Filter the listing below down to the lines holding the word "with", and copy those lines.

## [Input material]
━━━━━━━━━━

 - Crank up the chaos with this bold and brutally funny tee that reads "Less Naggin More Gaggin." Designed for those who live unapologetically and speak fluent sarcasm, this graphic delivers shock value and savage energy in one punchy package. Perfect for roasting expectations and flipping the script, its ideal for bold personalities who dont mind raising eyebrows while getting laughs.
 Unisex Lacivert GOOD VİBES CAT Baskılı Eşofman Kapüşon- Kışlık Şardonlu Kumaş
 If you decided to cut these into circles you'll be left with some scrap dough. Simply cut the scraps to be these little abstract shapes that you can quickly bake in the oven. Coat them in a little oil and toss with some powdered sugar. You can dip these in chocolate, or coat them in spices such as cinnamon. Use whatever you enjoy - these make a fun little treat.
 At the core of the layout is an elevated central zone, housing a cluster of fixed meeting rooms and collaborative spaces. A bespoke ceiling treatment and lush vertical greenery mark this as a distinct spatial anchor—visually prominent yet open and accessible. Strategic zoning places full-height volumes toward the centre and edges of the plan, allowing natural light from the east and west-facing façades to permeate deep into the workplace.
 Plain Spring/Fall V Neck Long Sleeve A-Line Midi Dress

━━━━━━━━━━

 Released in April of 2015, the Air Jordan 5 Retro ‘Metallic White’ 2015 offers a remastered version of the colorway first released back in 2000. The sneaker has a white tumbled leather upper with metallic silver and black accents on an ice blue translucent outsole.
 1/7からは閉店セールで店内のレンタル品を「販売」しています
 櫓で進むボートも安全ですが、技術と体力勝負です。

━━━━━━━━━━

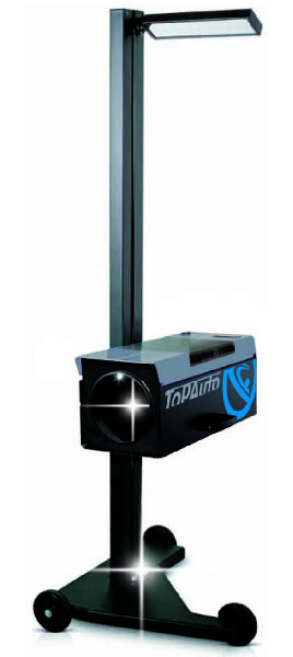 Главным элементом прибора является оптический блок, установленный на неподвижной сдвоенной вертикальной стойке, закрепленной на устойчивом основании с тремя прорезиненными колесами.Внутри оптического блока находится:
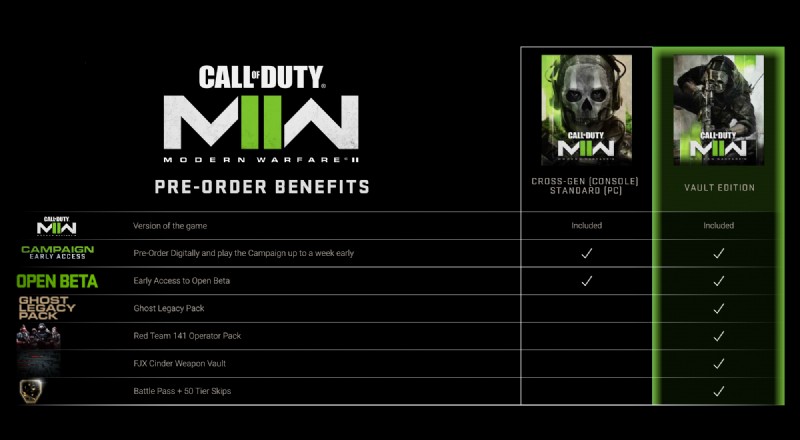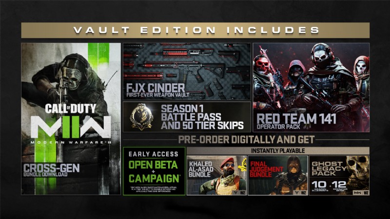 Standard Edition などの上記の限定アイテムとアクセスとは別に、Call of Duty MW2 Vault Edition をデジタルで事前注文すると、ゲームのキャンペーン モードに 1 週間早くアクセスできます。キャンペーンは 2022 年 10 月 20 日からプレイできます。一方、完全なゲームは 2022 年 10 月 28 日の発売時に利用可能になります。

━━━━━━━━━━

## [Response]
 - Crank up the chaos with this bold and brutally funny tee that reads "Less Naggin More Gaggin." Designed for those who live unapologetically and speak fluent sarcasm, this graphic delivers shock value and savage energy in one punchy package. Perfect for roasting expectations and flipping the script, its ideal for bold personalities who dont mind raising eyebrows while getting laughs.
 If you decided to cut these into circles you'll be left with some scrap dough. Simply cut the scraps to be these little abstract shapes that you can quickly bake in the oven. Coat them in a little oil and toss with some powdered sugar. You can dip these in chocolate, or coat them in spices such as cinnamon. Use whatever you enjoy - these make a fun little treat.
 Released in April of 2015, the Air Jordan 5 Retro ‘Metallic White’ 2015 offers a remastered version of the colorway first released back in 2000. The sneaker has a white tumbled leather upper with metallic silver and black accents on an ice blue translucent outsole.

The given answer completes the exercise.